Au cours de la dernière décennie, environ 4 000 portraits de Palmyrènes de la classe supérieure ont été largement étudiés par le projet Palmyra Portrait, basé à l’Université d’Aarhus. Il est absolument exceptionnel d’avoir un si grand corpus de matériaux sculpturaux provenant d’un seul endroit dans le monde antique. Ces portraits ont été créés sur une période d’environ 300 ans, et tous ont été commandés pour commémorer les morts. Une base de données contenant des photographies et des descriptions de chaque portrait a été compilée et sera bientôt publiée. Ce corpus nous met face à face avec des milliers de riches Palmyrènes, tandis que les recherches qu’il a générées ont également fourni de nouvelles informations sur les fluctuations économiques, les tendances de la mode, les modes de production et l’évolution de la taille de la population, pour ne citer que quelques-unes des pistes de recherche explorées jusqu’à présent.
Autres lectures
R Raja, Y-B Yon et J Steding (2021) Excavation de Palmyre.

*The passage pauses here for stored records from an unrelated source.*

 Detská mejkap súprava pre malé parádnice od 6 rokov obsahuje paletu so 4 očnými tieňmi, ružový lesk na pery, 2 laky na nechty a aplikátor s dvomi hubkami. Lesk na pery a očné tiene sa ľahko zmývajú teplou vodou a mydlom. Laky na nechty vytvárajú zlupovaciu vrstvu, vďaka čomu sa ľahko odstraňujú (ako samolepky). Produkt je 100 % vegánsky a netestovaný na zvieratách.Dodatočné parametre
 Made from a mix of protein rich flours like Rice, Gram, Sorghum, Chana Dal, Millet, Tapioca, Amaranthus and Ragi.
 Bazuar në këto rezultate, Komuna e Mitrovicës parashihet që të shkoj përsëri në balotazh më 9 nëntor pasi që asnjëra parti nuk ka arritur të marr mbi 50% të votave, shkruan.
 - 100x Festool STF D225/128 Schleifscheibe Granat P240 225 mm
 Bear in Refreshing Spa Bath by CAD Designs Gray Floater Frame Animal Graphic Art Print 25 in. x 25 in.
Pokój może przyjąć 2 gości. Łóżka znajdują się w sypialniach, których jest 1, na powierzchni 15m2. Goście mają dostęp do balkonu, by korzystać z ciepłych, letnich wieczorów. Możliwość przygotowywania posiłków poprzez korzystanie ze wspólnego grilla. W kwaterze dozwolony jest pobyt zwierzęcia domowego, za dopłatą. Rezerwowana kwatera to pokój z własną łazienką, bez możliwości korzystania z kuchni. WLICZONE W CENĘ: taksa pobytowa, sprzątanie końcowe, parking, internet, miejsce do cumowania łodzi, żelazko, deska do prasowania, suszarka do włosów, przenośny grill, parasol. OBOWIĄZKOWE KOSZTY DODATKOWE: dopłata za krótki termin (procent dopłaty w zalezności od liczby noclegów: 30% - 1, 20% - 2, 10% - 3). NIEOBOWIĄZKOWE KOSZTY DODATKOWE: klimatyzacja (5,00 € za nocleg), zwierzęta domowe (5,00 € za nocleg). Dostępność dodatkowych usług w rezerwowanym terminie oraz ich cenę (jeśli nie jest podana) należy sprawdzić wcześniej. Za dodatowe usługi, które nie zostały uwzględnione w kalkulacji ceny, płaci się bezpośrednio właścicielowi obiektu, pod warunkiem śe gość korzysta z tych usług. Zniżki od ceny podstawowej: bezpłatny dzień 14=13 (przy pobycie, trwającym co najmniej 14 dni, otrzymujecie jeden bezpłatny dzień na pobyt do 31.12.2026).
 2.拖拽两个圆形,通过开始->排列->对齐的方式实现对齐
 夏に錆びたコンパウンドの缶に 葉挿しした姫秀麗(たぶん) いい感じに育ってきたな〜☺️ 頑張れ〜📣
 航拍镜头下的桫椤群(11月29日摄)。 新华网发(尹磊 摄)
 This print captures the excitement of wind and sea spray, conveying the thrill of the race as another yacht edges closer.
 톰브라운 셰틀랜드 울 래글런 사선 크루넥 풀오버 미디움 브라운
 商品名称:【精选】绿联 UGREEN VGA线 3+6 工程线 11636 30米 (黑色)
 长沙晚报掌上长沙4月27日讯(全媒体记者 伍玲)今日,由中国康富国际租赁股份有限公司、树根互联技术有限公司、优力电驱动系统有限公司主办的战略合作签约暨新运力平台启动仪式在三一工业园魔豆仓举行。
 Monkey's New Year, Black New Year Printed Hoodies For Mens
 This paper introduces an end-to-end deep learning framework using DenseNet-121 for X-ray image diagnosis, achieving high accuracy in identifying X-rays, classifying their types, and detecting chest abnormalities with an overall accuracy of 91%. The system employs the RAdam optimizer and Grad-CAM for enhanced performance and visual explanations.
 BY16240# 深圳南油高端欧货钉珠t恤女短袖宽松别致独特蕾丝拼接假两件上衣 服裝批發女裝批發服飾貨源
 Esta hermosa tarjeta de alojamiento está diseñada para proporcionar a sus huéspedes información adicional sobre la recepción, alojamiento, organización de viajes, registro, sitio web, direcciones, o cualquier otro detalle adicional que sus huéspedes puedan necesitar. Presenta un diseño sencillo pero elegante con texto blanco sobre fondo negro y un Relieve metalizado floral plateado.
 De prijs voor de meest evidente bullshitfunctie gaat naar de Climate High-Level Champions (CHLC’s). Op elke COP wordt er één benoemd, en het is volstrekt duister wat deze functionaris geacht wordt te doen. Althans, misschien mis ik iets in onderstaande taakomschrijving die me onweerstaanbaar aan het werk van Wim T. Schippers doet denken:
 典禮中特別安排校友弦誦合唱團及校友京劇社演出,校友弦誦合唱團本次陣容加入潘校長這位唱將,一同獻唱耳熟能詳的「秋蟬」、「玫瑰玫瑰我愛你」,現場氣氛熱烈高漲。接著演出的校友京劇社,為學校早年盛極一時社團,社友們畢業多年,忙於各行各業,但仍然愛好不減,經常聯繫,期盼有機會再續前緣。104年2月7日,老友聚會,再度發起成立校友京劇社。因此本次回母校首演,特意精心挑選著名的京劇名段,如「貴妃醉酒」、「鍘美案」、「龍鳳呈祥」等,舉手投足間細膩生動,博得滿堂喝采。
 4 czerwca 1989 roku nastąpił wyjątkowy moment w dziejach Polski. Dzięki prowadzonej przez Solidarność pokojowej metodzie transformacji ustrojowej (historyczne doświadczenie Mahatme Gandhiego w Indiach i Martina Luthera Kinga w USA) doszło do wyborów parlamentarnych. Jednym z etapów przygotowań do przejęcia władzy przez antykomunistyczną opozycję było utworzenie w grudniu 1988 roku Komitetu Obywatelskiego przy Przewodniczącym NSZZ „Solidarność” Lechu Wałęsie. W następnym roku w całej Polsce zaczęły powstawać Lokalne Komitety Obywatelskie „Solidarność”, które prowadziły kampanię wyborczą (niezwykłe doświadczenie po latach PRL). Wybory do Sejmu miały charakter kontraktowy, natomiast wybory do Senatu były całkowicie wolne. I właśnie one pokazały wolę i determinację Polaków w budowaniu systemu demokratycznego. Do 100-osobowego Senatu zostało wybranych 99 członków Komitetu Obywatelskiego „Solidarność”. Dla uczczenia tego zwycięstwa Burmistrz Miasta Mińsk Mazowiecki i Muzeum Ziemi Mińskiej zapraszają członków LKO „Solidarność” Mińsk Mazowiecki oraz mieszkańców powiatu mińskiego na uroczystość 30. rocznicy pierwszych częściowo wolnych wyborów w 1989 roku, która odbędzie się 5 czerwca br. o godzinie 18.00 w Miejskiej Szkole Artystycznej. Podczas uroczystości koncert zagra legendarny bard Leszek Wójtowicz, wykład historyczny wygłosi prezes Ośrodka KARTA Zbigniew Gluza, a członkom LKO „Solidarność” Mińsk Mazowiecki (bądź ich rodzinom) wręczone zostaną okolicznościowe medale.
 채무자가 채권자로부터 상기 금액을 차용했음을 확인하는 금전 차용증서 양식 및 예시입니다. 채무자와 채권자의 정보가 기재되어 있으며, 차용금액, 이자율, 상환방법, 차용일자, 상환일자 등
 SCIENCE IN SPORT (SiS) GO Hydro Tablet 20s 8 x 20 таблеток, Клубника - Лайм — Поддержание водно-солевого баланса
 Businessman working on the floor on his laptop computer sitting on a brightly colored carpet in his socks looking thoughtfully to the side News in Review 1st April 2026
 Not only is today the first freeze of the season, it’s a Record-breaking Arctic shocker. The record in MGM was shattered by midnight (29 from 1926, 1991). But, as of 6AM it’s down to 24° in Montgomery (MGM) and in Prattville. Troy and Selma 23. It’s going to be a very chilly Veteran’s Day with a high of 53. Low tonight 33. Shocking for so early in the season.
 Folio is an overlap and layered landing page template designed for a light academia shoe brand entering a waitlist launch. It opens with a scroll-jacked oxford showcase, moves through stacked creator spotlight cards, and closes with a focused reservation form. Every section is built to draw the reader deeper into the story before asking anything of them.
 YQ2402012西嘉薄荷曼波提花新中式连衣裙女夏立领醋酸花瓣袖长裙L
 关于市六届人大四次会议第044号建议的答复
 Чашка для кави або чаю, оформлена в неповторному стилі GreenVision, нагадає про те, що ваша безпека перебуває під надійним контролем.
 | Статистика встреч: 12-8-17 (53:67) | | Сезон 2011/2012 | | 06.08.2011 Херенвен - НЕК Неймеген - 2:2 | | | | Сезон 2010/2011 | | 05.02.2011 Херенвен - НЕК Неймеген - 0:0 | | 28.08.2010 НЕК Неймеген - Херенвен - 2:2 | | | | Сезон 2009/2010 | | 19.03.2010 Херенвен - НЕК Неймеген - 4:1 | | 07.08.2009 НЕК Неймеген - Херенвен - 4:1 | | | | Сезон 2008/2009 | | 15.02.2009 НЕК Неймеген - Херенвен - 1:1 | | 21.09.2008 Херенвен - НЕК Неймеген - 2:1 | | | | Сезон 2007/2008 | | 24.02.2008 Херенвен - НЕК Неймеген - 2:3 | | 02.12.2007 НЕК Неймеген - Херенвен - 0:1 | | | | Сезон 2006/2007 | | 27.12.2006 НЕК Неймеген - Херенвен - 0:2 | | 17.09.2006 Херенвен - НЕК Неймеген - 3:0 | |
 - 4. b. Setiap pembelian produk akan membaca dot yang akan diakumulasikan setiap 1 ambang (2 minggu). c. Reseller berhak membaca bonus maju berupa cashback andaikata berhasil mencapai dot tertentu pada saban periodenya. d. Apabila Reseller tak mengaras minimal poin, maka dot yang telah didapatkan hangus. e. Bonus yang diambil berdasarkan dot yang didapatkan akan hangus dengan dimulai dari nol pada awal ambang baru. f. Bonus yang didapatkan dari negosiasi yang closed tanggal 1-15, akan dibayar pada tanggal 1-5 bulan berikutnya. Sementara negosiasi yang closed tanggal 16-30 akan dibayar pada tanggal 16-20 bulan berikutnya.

Les journaux de fouilles de Harald Ingholt : transcription, traduction et commentaire, Études d’Archéologie et d’Histoire du Palmyrène 4. Turnhout : Brepols.
R Raja et J Steding (éd.) (2021) Économie de production dans la Grande Syrie romaine: réseaux commerciaux et processus de production, Études d’Archéologie et d’Histoire du Palmyrène 2. Turnhout : Brepols.
R Raja, O Bobou et I Romanowska (2021) ‘Trois cents ans d’histoire du palmyrène. Libérer des données archéologiques pour étudier les transformations sociétales passées ’, PLoS UN 16.11: e0256081. DOI: 10.1371 / journal.pone.0256081.